Wednesday, August 29, 2012

Thighs Back and Tailbone Down

These movements are common and heard quite often in yoga practices.

I had never really felt what it truly meant to accomplish this action before a few days ago. I examined what those specific movements would feel like and I have to say that it took loads of pressure off of my back. I hadn't realized how far I was leaning back in order to sustain the carriage of my baby.

I felt as if I went from leaning way back to standing straight backed. It was amazing. I guess it took being pregnant to feel what it is supposed to feel like when pressing the thighs back and pointing the tailbone down (or tucking it under).

I've been practicing it a lot throughout the day because I've been noticing/catching myself letting my back sink in quite a bit. It's like it has become my new mental note haha.
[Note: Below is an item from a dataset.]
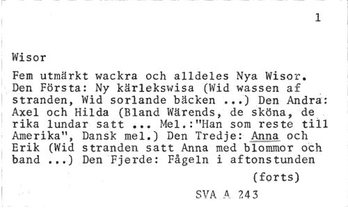//// 1 //// Wisor //// Fem utmärkt wackra och alldeles Nya Wisor. Den Första: Ny kärlekswisa (Wid wassen a£ stranden, Wid sorlande bäcken ...) Den Andra: Axel och Hilda (Bland Wärends, de sköna, de rika lundar satt ... Mel.:"Han som reste till Amerika", Dansk mel.) Den Tredje: Anna och Erik (Wid stranden satt Anna med blommor och band Den Fjerde: Fågeln i aftonstunden //// (forts) //// SVA A 24 3 ////

Except I even catch myself correcting my posture while sitting as well.

I did that many times today while I was at school. If it was standing, I was telling myself "thighs back, tailbone down." And if I was sitting, it was more or less, "tuck tailbone and straighten back." My back is less of a mess today than it has been.

How come they don't tell pregnant women this more often in regards to their posture while pregnant? Obviously, there are benefits to performing yoga postures. Even one as simple as Tadasana to help alleviate back problems.
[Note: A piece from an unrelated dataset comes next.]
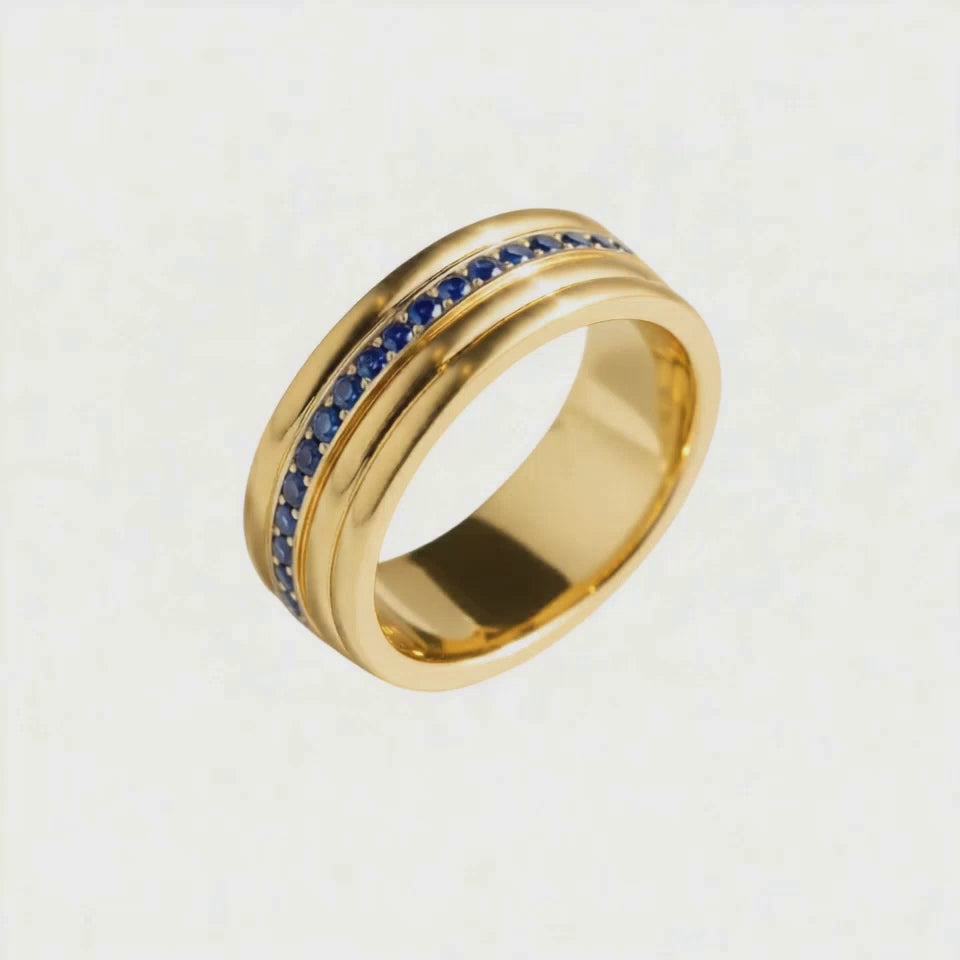 Anel largo ouro amarelo 18k. Lindo anel com detalhes em 3 frisos paralelos levemente abaulados. Estrutura com acabamento polido e safiras azuis. Produto feito à mão.

A woman I followed for a while through podcasting, Elsie Escobar, posted a link on her facebook page that actually relates to this. It is a video of Noah Maze going over the proper way of standing in Tadasana, Mountain Pose with Noah and Tara, and so it was nice to come across it as a reinforcement of proper alignment.
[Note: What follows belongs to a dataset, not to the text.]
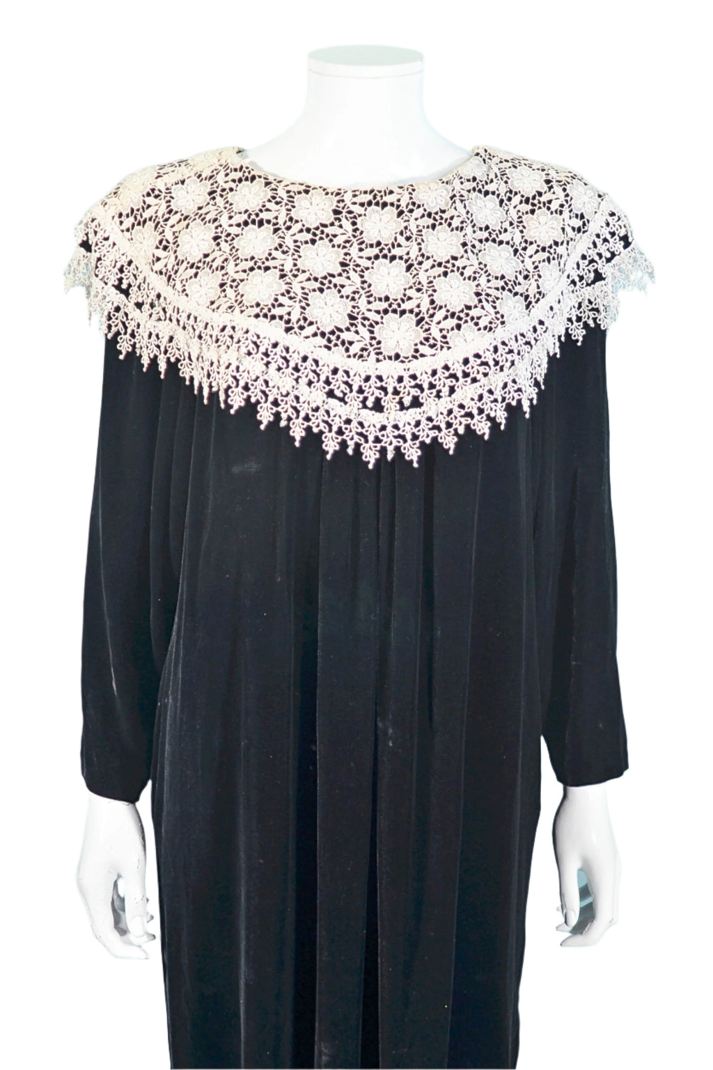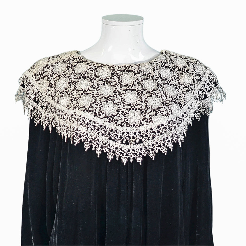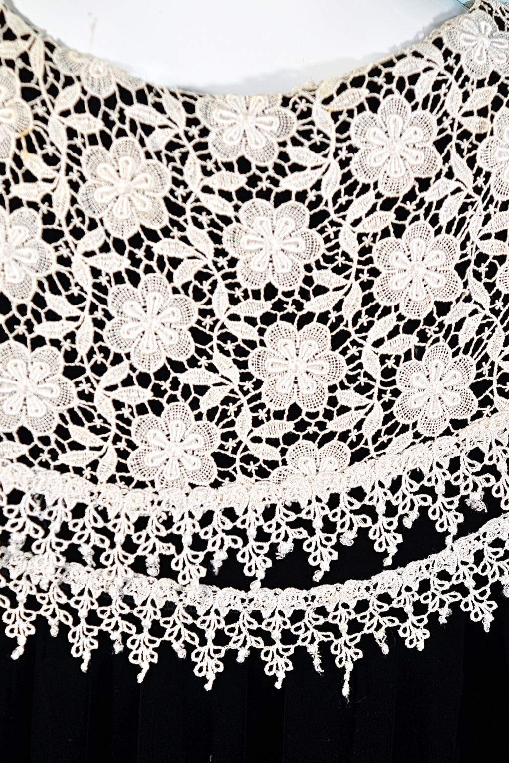The dress is a relaxed fit with a huge double-layer lace collar.

I find that this is most helpful to me when I'm being lazy, which tends to happen quite a bit while I'm doing homework. Most times I'll round my back or at others I'll slouch in general. Then I'll find that my back becomes sore and needs to be stretched out. As of late though, I've noticed less back pain (minus that which my pregnancy puts upon me).

Through these findings, I feel that it would be adequate to explore many more postures to see how they truly relate or help me in certain ways. More for my own understanding outside of books. It is one thing to read the ways it helps, and another thing to completely explore it.